DeepSeek, a Chinese AI laboratory, has appointed Yan Wentao, a partner at GL Ventures, as its first chief financial officer. The appointment signals the company's preparation for a potential initial public offering and reflects its transition toward more traditional financing structures.
Founded in 2023 and initially funded by its founder's quantitative hedge fund High-Flyer, DeepSeek began seeking external funding earlier this year. Yan, born in 1991, has invested in AI companies including MiniMax and brings experience in venture investing and financial markets to the role.
IPO Plans and Valuation
According to the South China Morning Post, DeepSeek has appointed underwriters including CITIC Securities and aims to launch its IPO this year on the STAR Market in Shanghai. The company is securing financing ahead of the listing, with an anticipated valuation around ¥500 billion, or approximately $74 billion.
In the current funding round, DeepSeek seeks to raise ¥50 billion. A previous investment round in June valued the company at ¥350 billion after final valuations, down from an initially estimated ¥450 billion. Major Chinese entities including Tencent and CATL participated in that round alongside other private investors.

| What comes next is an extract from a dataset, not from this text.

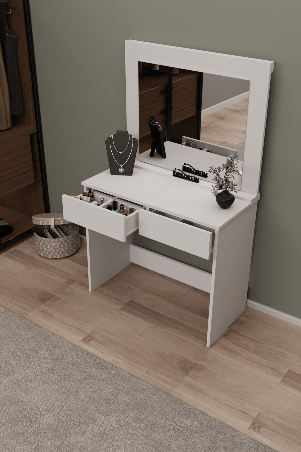 Hem fonksiyonel hem estetik bir çözüm arayanlar için DF02110B, düzenli, ferah ve şık bir makyaj alanı oluşturmanın en pratik yollarından biridir.

In June, the Shanghai Stock Exchange published guidelines for a fifth set of listing criteria for "large-model companies," requiring that firms demonstrate at least one operating model in widespread use. The exchange acknowledged the sector's need for significant computing power and specialized talent investments.
Competitive Pricing Strategy
DeepSeek's competitive advantage centers on its pricing model. Research by Juniper Research indicates that Chinese AI models operate at costs up to 90% lower than popular U.S. alternatives, a significant consideration for organizations operating large data centers.
The DeepSeek-V4.1-Flash model demonstrates this pricing edge. According to VentureBeat, the model achieves a cached-input rate of $0.003, compared to $0.40 for GPT-5.6 Sol and $0.50 for Claude Opus 5.
Narrowing Performance Gap
Historically, cheaper AI models lagged behind premium options in performance, but this trend is shifting. Stanford's 2026 AI Index reports that top-performing U.S. AI models were only 2.7% ahead of leading Chinese models as of March 2026, with the two countries swapping rankings in numerous metrics since early 2025. RAND research indicates U.S. and Chinese AI models are converging in architecture, commercial positioning, and foundation model development approaches.
Enterprises have begun evaluating Chinese technology options based on cost. Airbnb and Siemens are exploring Chinese AI systems, while Thomson Reuters adopted Alibaba's Qwen in place of Claude for document review tasks. While U.S.-based models retain advantages for complex tasks, alternatives are gaining adoption.